= Southwide Baptist Fellowship =

Baptist Christian Denomination in United States

The Southwide Baptist Fellowship is an Independent Baptist Christian denomination in United States. It is a member of the International Baptist Network.

==Organisation==
The organizational structure of government and by-laws within the Southwide Baptist Fellowship are not available for public viewing, but the organization includes a moderator and one of its main purposes is to convene regularly for conferences.

==Beliefs==
Considered a conservative and "Fundamentalist" association of Baptist churches, the Southwide Baptist Fellowship is not as staunchly devoted as other Baptist Fundamentalist Fellowships to the concept of absolute autonomy (local church independence) or the essential requirement of the King James Version (KJV). Certainly, most member churches of the Southwide Baptist Fellowship are Independent Baptist and remain "KJV-only".

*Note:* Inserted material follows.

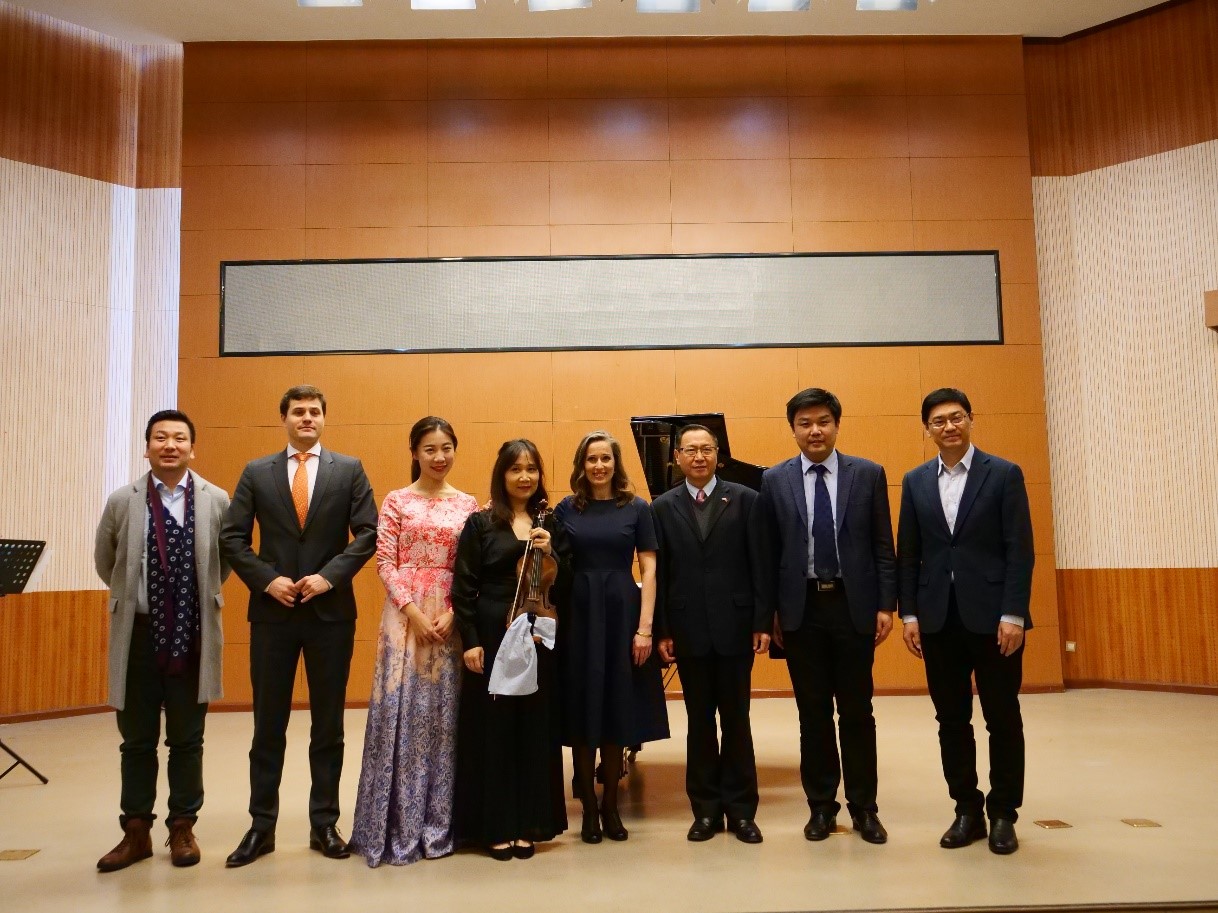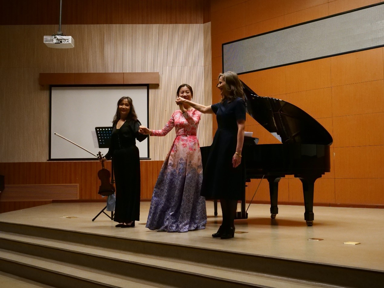 悠扬的小提琴、伴着清朗的钢琴声,还有女高音震撼的嗓音,在大厅里回旋飘荡,直击人心。欧洲语言文化学院院长在演唱会前致辞中说的:音乐是人类共同的语言。我们学习欧洲的语言文化,践行着文化交流。而音乐作为民族文化的一个重要组成部分,是人文交流的途径和陶冶情操的方法。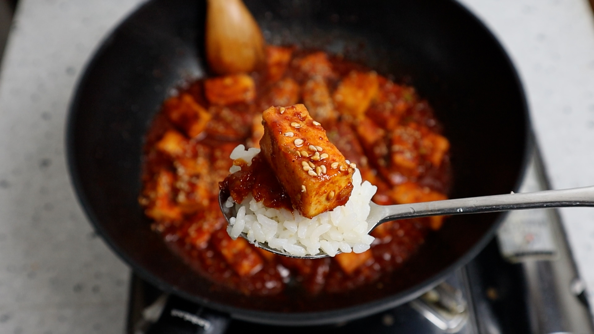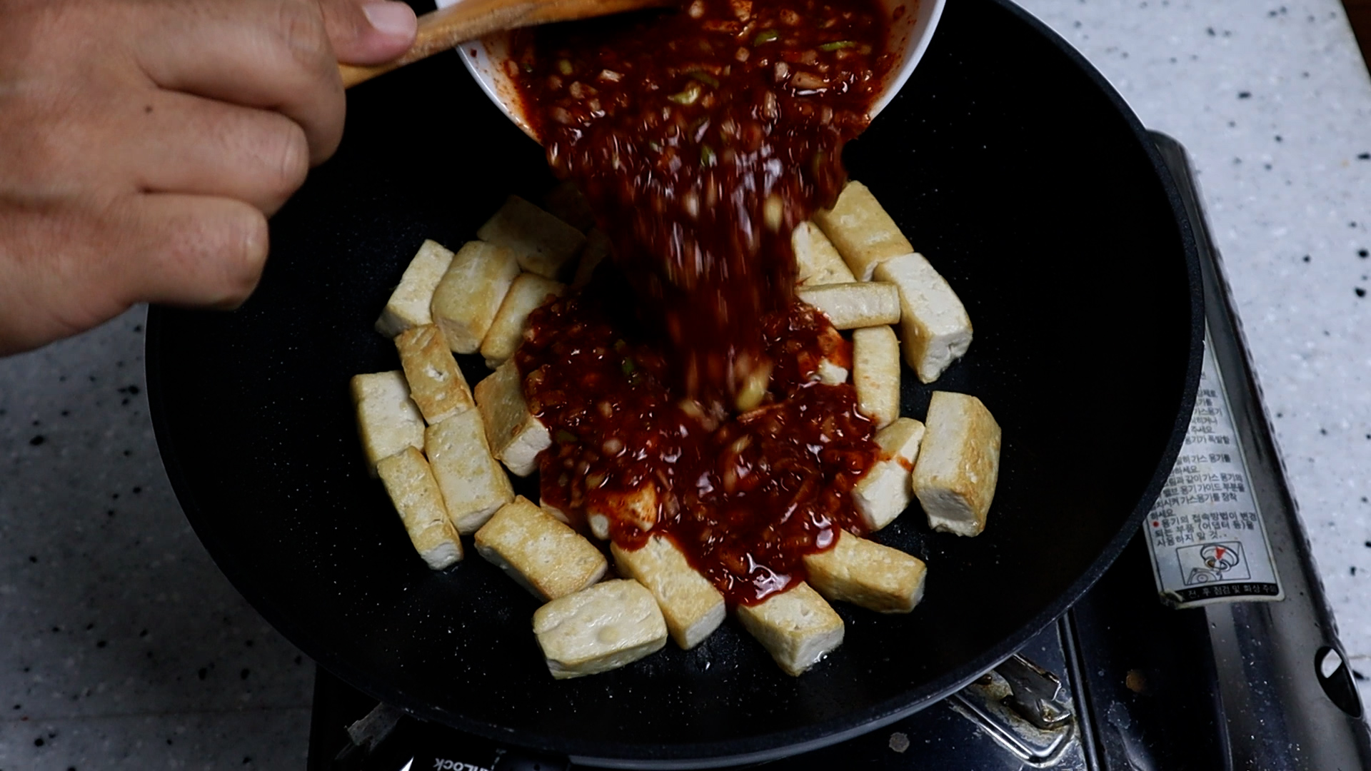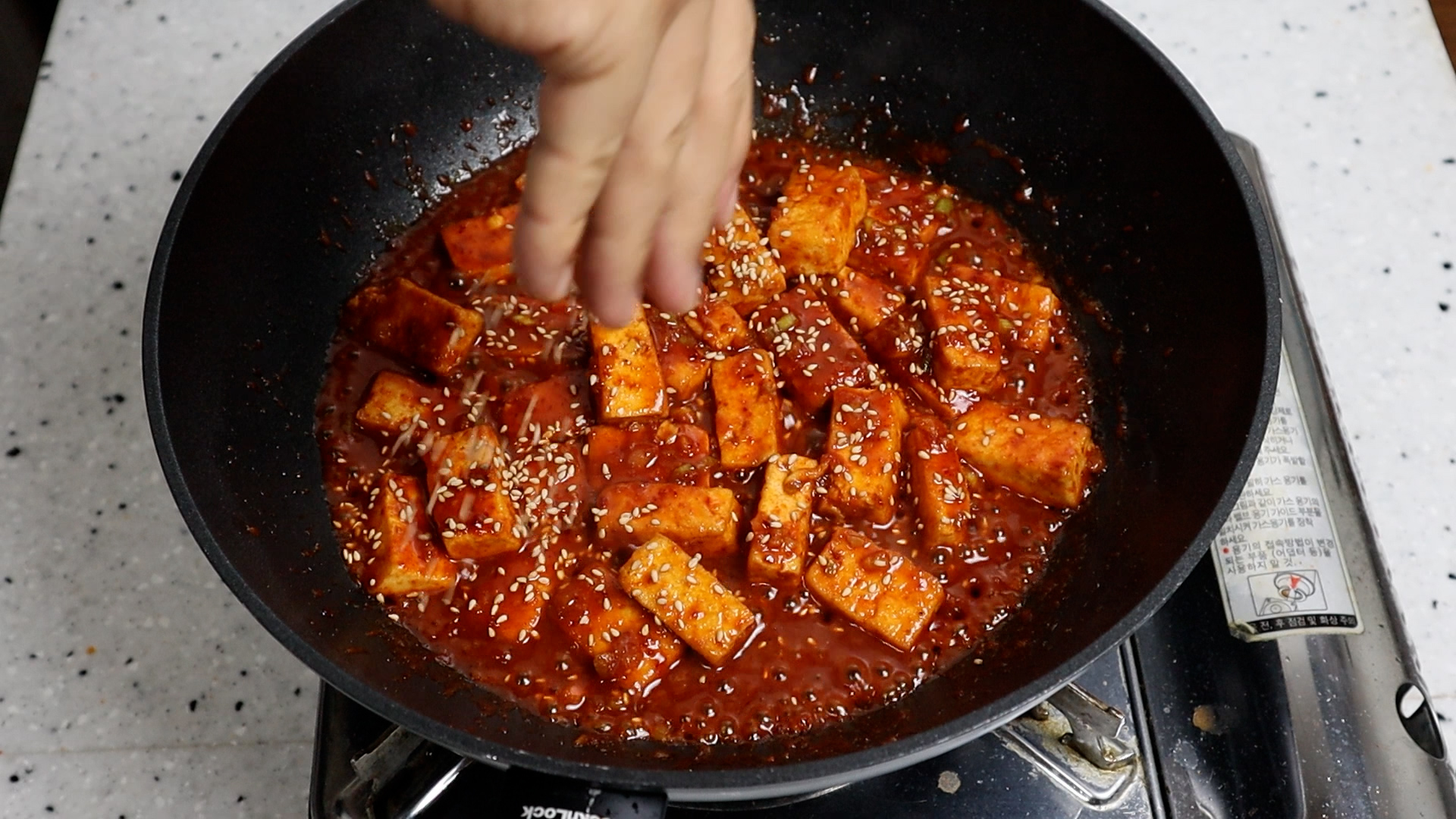 22. 단단한 두부를 한번 튀겼으니 잘부서지지 않으니 마음 놓고 슥슥슥~ 섞으면서 양념이 꾸덕꾸덕해질때까지 대략 3~4분을 볶아주세요.

When it originated, the Southwide Baptist Fellowship was almost identical in teaching and outlook as the core of Independent Baptist Fundamentalism. It was heavily influenced by Lee Roberson and John R. Rice. Its hallmark code of behaviors (short hair on men, dresses on women, no mixed bathing, no movies, no contemporary music) and its theology of Dispensationalism were standard for Baptist Fundamentalism. Many of its members were openly antagonistic towards the Southern Baptist Convention and were outposken critics of SBC policies which, two decades ago, permitted a certain degree of liberal theology.

===Increasing openness===
Over time, particularly since the 1990s, the Southwide Baptist Fellowship has loosened some of its more strict requirements of dress and behavior.

Currently, it remains a loose federation of Baptist churches that stand for conservatism, both religious and political, including political action, and overall it remains Dispensational in theology. It embraces but does not require strict independence.

==Splinter Organizations==

Once Southwide began to open up to more Southern Baptists and Contemporary Christian influences, the more conservative, KJV Only sections began forming separate fellowships such as the Nationwide Independent Baptist Fellowship, now known as the Atlanta Super Conference, and more recently the new Southwide Independent Baptist Fellowship. Both of these groups have been influenced by leaders from independent Baptist institutions such as Crown College (Tennessee), West Coast Baptist College and Hyles-Anderson College.